Task requirements: Within the entries below, please return exactly the lines from the one with "alle Pizzen sind" through the one with "ALFAPARF, салон красоты", leaving out any pictures.

━━━━━ Source information

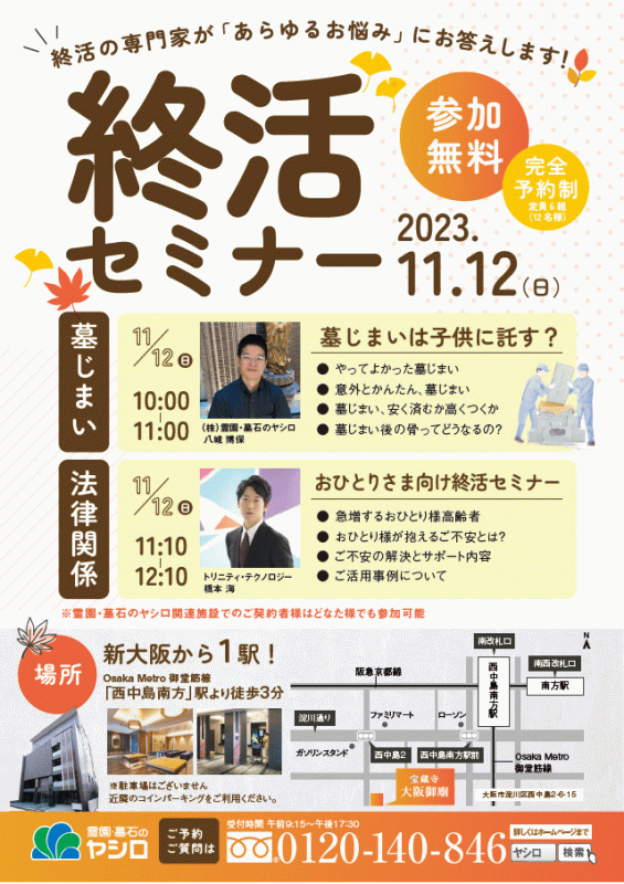 【ご参加無料】11/12 終活セミナー開催のお知らせ
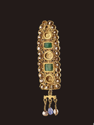 Oft finden sich auch goldene, mit Perlen verzierte Haarnadeln, zierliche Diademe oder goldene Haarnetze.
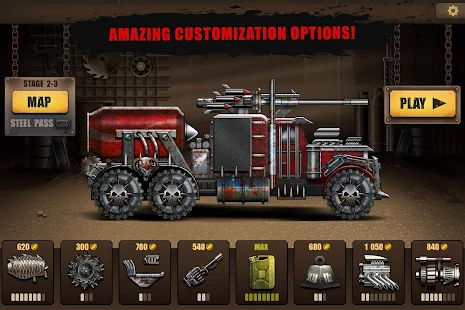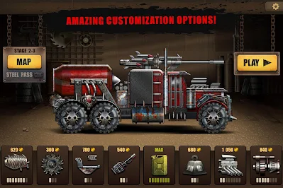 O jogo apresenta uma variedade de veículos que podem ser usados pelos jogadores, incluindo carros, caminhões e motocicletas, todos adaptados para enfrentar o terreno difícil e os obstáculos do mundo pós-apocalíptico. Cada veículo tem habilidades e características únicas que podem ser atualizadas e aprimoradas com moedas coletadas durante o jogo.
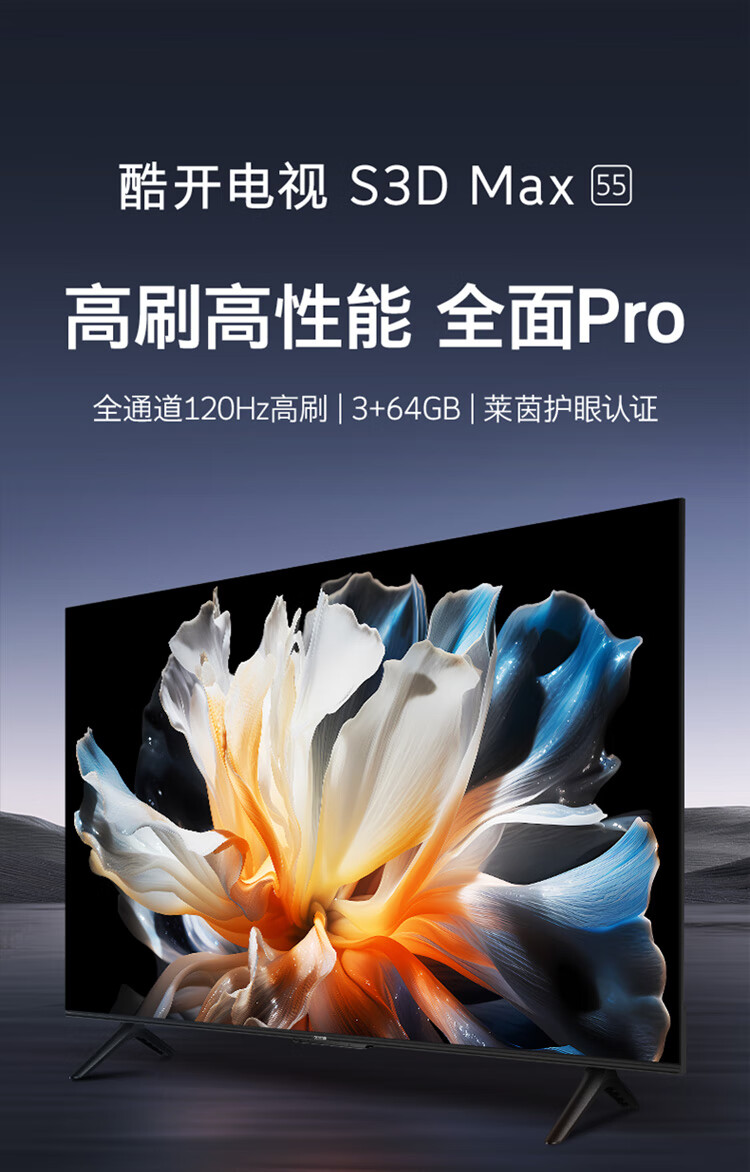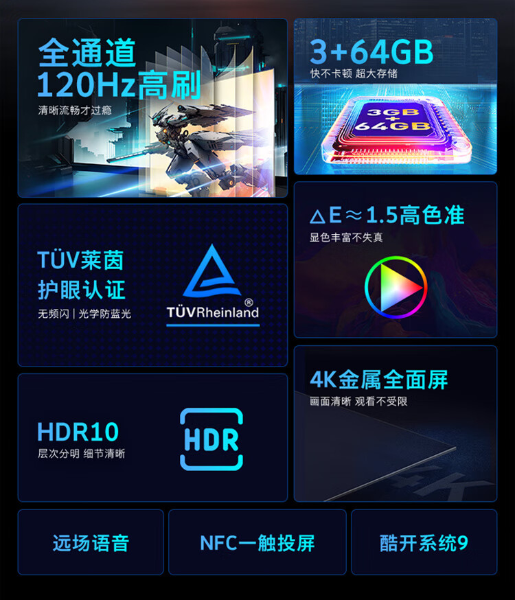 这款电视搭载四核处理器,配有 3GB+64GB 存储,支持 2.4/5GHz 双频段 Wi-Fi,配备 4K120Hz 屏幕,屏占比 99.5%,10.7 亿色,色准 ΔE≈1.5,通过莱茵护眼认证,提供 HDMI2.1 等接口,预装酷开系统 9 系,支持杜比解码 + DTS 音效。
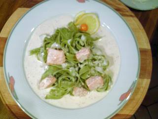 4. Лакс почти весь вынуть из кастрюли и оставшуюся часть(1/5 примерно) пропюрировать в соусе Пюрирштаб- ом. Кусочки рыбы положить обратно в соус. Соусом полить макароны.
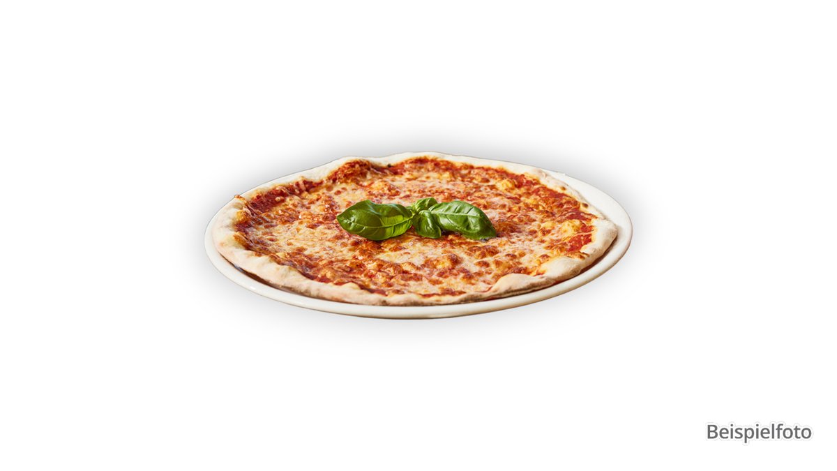 alle Pizzen sind ca. ∅ 28 cm groß und werden mit Tomatensoße und Käse belegt
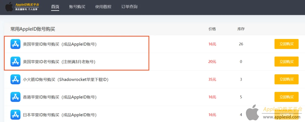 1、进入上面购买网站,选择自己需要的美国ID账号(新号或者老号),点击“立即购买”。
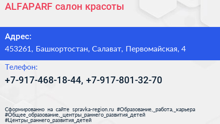 ALFAPARF, салон красоты по адресу 453261, Башкортостан, Салават, Первомайская, 4 в дальнейшем Организация, размещена в следующих категориях:
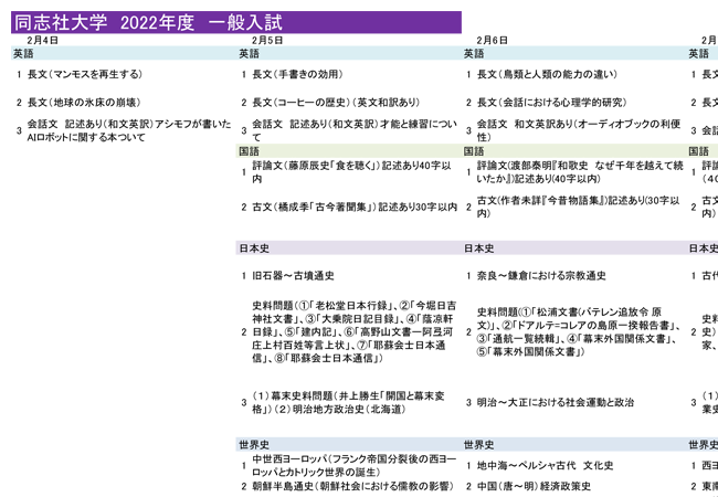 試験直後に4大学の入試問題全科目に目を通すことで、その共通点や変化を即座に発信する事ができます。関西学院大学の日本史は今年から大問が1つ減少しましたが、初日にその事を発信することで、受験生は以降の日程での解答ペース調整に役立てていただいたことでしょう。

━━━━━━━━━━

Response below:
 alle Pizzen sind ca. ∅ 28 cm groß und werden mit Tomatensoße und Käse belegt
 1、进入上面购买网站,选择自己需要的美国ID账号(新号或者老号),点击“立即购买”。
 ALFAPARF, салон красоты по адресу 453261, Башкортостан, Салават, Первомайская, 4 в дальнейшем Организация, размещена в следующих категориях:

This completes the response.